Les combattants kurdes des Forces démocratiques syriennes (FDS), qui se sont d'abord sentis trahis par les Etats-Unis, ont recommencé à coopérer avec les forces américaines, a assuré le vice-amiral Byrne. Le Pentagone continue à leur fournir des armes, a-t-il précisé.

Plus question de départ. "Nous sommes déterminés à rester dans la région", a déclaré un porte-parole du Pentagone, Jonathan Hoffman, au cours de la même conférence de presse. Il a précisé que les forces américaines resteraient dans le pays "aussi longtemps que nous le considérerons nécessaire".

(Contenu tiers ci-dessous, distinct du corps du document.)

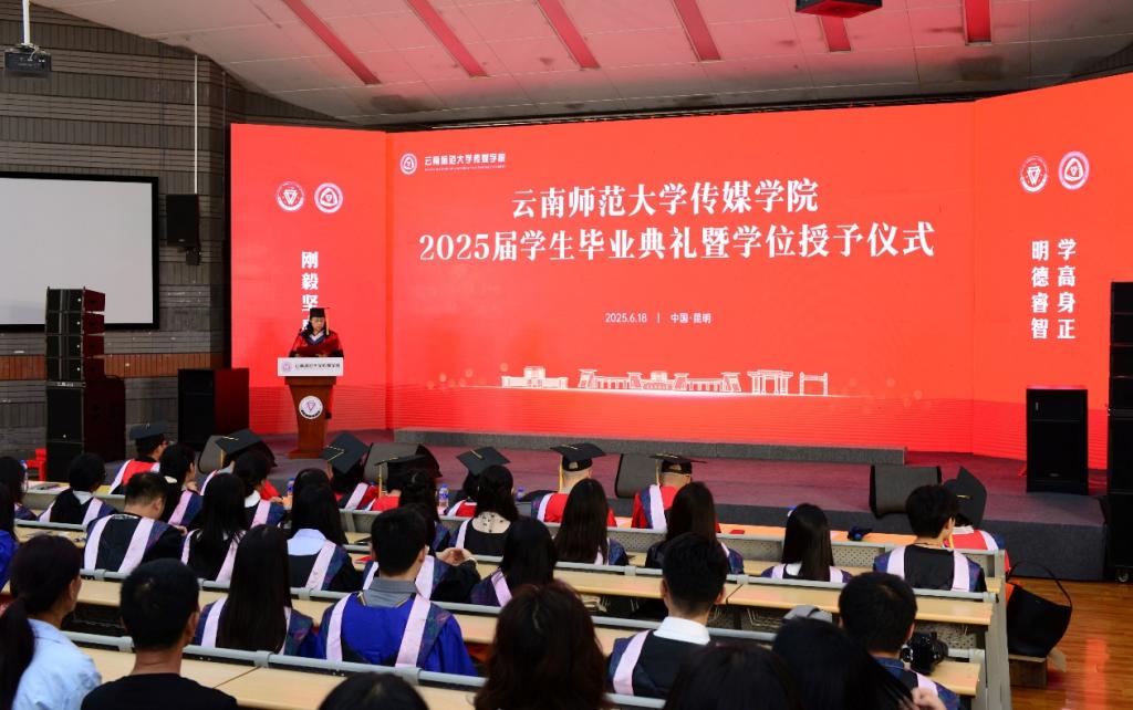 6月18日上午,传媒学院举行2025届毕业典礼暨学位授予仪式。学院领导、学位评定分委员会委员、导师代表、教师代表、辅导员、毕业班班主任,以及2025届毕业生和家长代表出席典礼。典礼由学院党委副书记任利主持。

Alors que M. Trump a affirmé que la mission des militaires américains était désormais de protéger les champs de pétrole, les responsables du Pentagone doivent se livrer à des contorsions sémantiques pour assurer qu'il s'agit toujours de contrer l'EI, la justification légale de l'intervention américaine sur un territoire étranger contre la volonté de son gouvernement.

"Je ne dirais pas que la mission est de sécuriser les champs de pétrole", a ainsi déclaré le vice-amiral Byrne. "La mission est de vaincre l'EI. Sécuriser les champs de pétrole est une tâche subordonnée à cette mission. Et l'objectif de cette tâche est d'empêcher l'EI de bénéficier de cette infrastructure pétrolière."

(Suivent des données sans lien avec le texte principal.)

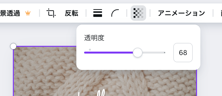 それから、写真を選択して透明度を調整します。

"Il s'agit donc d'empêcher l'EI d'y avoir accès et aussi de permettre aux Kurdes et aux FDS de contrôler" le pétrole, a ajouté M. Hoffman. L'objectif est "d'accorder aux Kurdes de la région, les forces FDS, une source de revenus et la possibilité de monter en puissance dans leur campagne militaire contre l'EI".

"Ce n'est pas une nouvelle mission", a-t-il assuré. "Tout le monde semble penser que ça a changé. Ce n'est pas le cas."

-Une mission dangereuse -

Alors que les forces américaines contrôlaient jusque là l'ensemble du territoire syrien situé à l'est de l'Euphrate, protégées par une couverture aérienne et par la frontière naturelle que représente le fleuve, la présence de forces russes, turques et syriennes dans le nord a ouvert un nouveau front, ce qui explique l'envoi de blindés.

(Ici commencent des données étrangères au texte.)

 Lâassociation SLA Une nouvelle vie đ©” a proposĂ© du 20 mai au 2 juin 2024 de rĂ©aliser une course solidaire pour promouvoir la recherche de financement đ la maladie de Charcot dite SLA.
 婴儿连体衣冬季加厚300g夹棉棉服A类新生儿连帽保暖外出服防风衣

"Il y a deux raisons. L'une est la mobilité: ils ont des roues et ils vont vite. L'autre est la protection de nos forces. Ils sont blindés", a expliqué le vice-amiral Byrne, précisant que le choix de ces unités était dû à "la menace".

Après les attentats du 11 septembre 2001, le Congrès américain a autorisé l'exécutif à mener des opérations militaires illimitées contre le terrorisme, et le Pentagone se base sur cette autorisation pour justifier légalement la prise de contrôle des champs de pétrole de la Syrie.

"Les Etats-Unis sont-ils en train de voler le pétrole?", a demandé un journaliste américain.

"Les Etats-Unis ne tirent aucun bénéfice de tout ceci. Les bénéfices reviennent aux FDS", a dû assurer M. Hoffman.